MARC STEINER: A couple of quick things here as we close. One has to do with … I mean, their public argument, of course, is that “we sold this to doctors; it’s the drug dealers on the streets that are doing the wrong thing. We’re doing the right thing by helping people with their pain.” I mean, that’s part of their argument and how they try to weasel out of this, by “we didn’t really break any laws. We didn’t cause these deaths; other people did.”
SAM PIZZIGATI: What the Sackler family did in the 1960s was link the tactics of Madison Avenue to the realities of the pharmaceutical industry. Before the Sackler family, before they started Purdue Pharma, nobody sent in huge sales forces into doctors’ offices. Nobody subsidized luxury trips for doctors. Nobody hired medical researchers to do blurbs in medical journals and things like that. The Sacklers invented modern pharmaceutical marketing. They created a market, first for Valium as an antidepressant. They made billions off of that and then they made their billions off of opioids starting in the 1990s. These people should pay.
MARC STEINER: They should pay. It makes me think of people like Jonas Salk, who invented the polio vaccine, who didn’t make millions of dollars off of polio vaccines. He just saved millions of lives.
SAM PIZZIGATI: Yes. Yes.
MARC STEINER: Very different consciousness about how it’s supposed to be.

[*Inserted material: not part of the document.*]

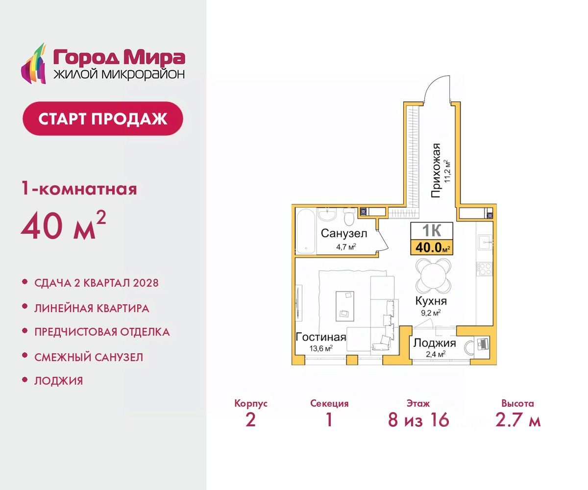 Цена посчитана с учётом скидки 3% при полной оплате или ипотеке. Звоните, наши менеджеры вам все расскажут. Продается однокомнатная квартира с предчистовой отделкой в ЖМ ''Город Мира'' на 8 этаже. Общая площадь: 40 кв.м., жилая: 13.6 кв.м., площадь просторной кухни-столовой: 9.2 кв.м. Все окна выходят на одну сторону. В квартире одна лоджия, один совмещенный санузел. Высота потолков 2.7 м. ''Город Мира'' это масштабный жилой комплекс, созданный для тех, кто ценит комфорт, безопасность и гармонию с природой. Здесь продумана каждая деталь от удобной инфраструктуры до эргономичных планировок квартир. ''Город Мира'' победил в номинации ''Лучший экологический проект года в сфере строительства'' по версии премии Сrimеа Urbаn Аwаrds. Способы приобретения недвижимости в ''Городе Мира'': 1. Ипотека: семейная от 5,5%, военная, IT-ипотека, базовая ипотечная программа и комбо-ипотека. Одобрение заявки проходит сразу в отделе продаж. 2. Материнский капитал на первый взнос. 3. Рассрочка от застройщика - до июня 2028 года! Первоначальный взнос от 30%. 4. Военная ипотека. Участники НИС могут приобрести квартиры по спец.цене. Ключевые преимущества комплекса: удачное расположение зеленый район с благоприятным микроклиматом продуманное зонирование жилые кварталы, зоны отдыха и коммерческие объекты комфорт-класс высокое качество строительства и современные инженерные решения Почему дом повышенной комфортности 2 в ''Городе Мира'' это лучшее решение? Образование и досуг: 2 детских сада (по 260 мест каждый) планируется строительство общеобразовательной школы детские и спортивные площадки в каждом дворе беседки для отдыха, зоны для выгула собак Ритейл и сервис: магазины, аптеки, медицинские центры фитнес-клубы, салоны красоты детские развивающие центры Парковки: гостевые парковки наземные и подземные паркинги Квартиры с продуманным комфортом: просторные планировки с кладовыми и колясочными лоджии с остеклением лапомойки для питомцев на первых этажах домов индивидуальное отопление выполнена стяжка пола и штукатурка стен консьерж-сервис для дополнительного удобства Благоустройство территории: ландшафтный дизайн с зонами отдыха современные детские площадки стильные холлы с дизайнерской отделкой система видеонаблюдения для безопасности ''Город Мира'' это место, где созданы все условия для комфортной жизни. Выбирайте качество и продуманность в каждой детали! Квартира находится во доме повышенной комфортности 2, 4-я очередь. Дом монолитно-каркасный, одноподъездный, высотой 16 этажей. В подъезде 1 пассажирский и 1 грузовой лифт. Окончание строительства - 2 квартал 2028 года. Оформление сделки по договору долевого участия. Квартира находится в корпусе 2. Дом монолитный, одноподъездный, высотой 16 этажей. На этаже 7 квартир. В подъезде 1 пассажирский и 1 грузовой лифт. Окончание строительства - 2 квартал 2028 года. Оформление сделки по договору долевого участия. #2meZg3

SAM PIZZIGATI: Yes, absolutely. I think we need to see this in a bigger frame, this opioid crisis, that essentially the opioid crisis is both a consequence of the economic inequality we have in the United States today and a contributor to that inequality. Addiction epidemics only flourish in communities that have lost economic hope. And in the United States today we have thousands of communities that have lost economic hope, communities that had been squeezed and exploited by corporations and spit out. And these are the communities that have suffered the most from the opioid crisis.
And then on the other hand, people have gotten rich off of fomenting and sustaining this epidemic. It’s a great human tragedy and we need to move to make sure this never happens again.
MARC STEINER: I agree. And you have to also ensure that this money that’s being paid to localities actually goes to help human beings and people in communities, and not to build golf courses and whatever else politicians want to do, and maybe actually control these corporations from not doing what they do to us. And Sam Pizzigati, thank you so much for taking your time today. I deeply appreciate your being willing to be with us today. Thank you.
SAM PIZZIGATI: Thank you very much.
MARC STEINER: And I’m Marc Steiner here for The Real News Network. Thank you all so much for watching. Let us know what you think. Take care.